Farm Incomes: Feast or Famine

Farm Incomes Bounce From Feast to Famine

The 2013 corn crop cost Minnesota cash renters an average loss of $65 per acre, after taking all direct and fixed costs into account, including labor and management. Results would have been worse without an average crop insurance indemnity of $95 per acre. (Chart courtesy of University of Minnesota's Center for Farm Financial Management)

HADDONFIELD, N.J. (DTN) -- Results of 2013 Minnesota farm incomes are in and, while median incomes crashed 78% compared to a year earlier, no one is predicting catastrophe just yet.

Overall, 2013 net farm income was $41,899 for the median farm enrolled in record systems with Minnesota State Colleges and Universities and University of Minnesota Extension.
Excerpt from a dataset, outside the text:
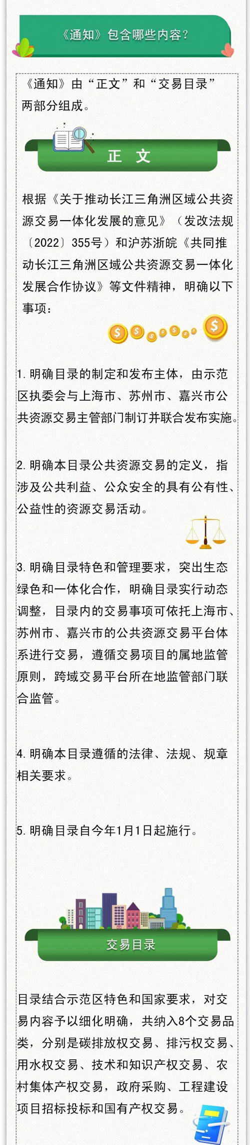 人民網上海2月15日電 (記者唐小麗)為貫徹落實國家發展改革委《關于推動長江三角洲區域公共資源交易一體化發展的意見》和三省一市《共同推動長江三角洲區域公共資源交易一體化發展合作協議》的有關部署,長三角生態綠色一體化發展示范區執行委員會與上海市、蘇州市、嘉興市公共資源交易主管部門聯合印發了《關于印發<長三角生態綠色一體化發展示范區公共資源交易目錄(2022年版)>的通知》(以下簡稱《交易目錄》),在示范區公共資源交易一體化重點領域率先開展探索,形成有利于要素自由流動和高效配置的良好環境。

That's a stunning plunge from the $189,679 reported in 2012 and may represent the steepest correction in the system's record books, said Dale Nordquist, Extension economist at the University of Minnesota's Center for Farm Financial Management.

It's also the worst overall performance since the "blood bath" of 2009 when the same farm database reported median incomes of about $33,373. Altogether, 2,063 farms participated in the current analysis.

"I'm not sure all of this has hit farmers yet," Nordquist told DTN. "Cash flow in 2013 was pretty good because of the hangover sales on 2012 crops. But this really reflects the deflated value for the crop and the high cost it took to grow it." Livestock farms didn't fare much better, as dairy, hog and beef incomes also slipped.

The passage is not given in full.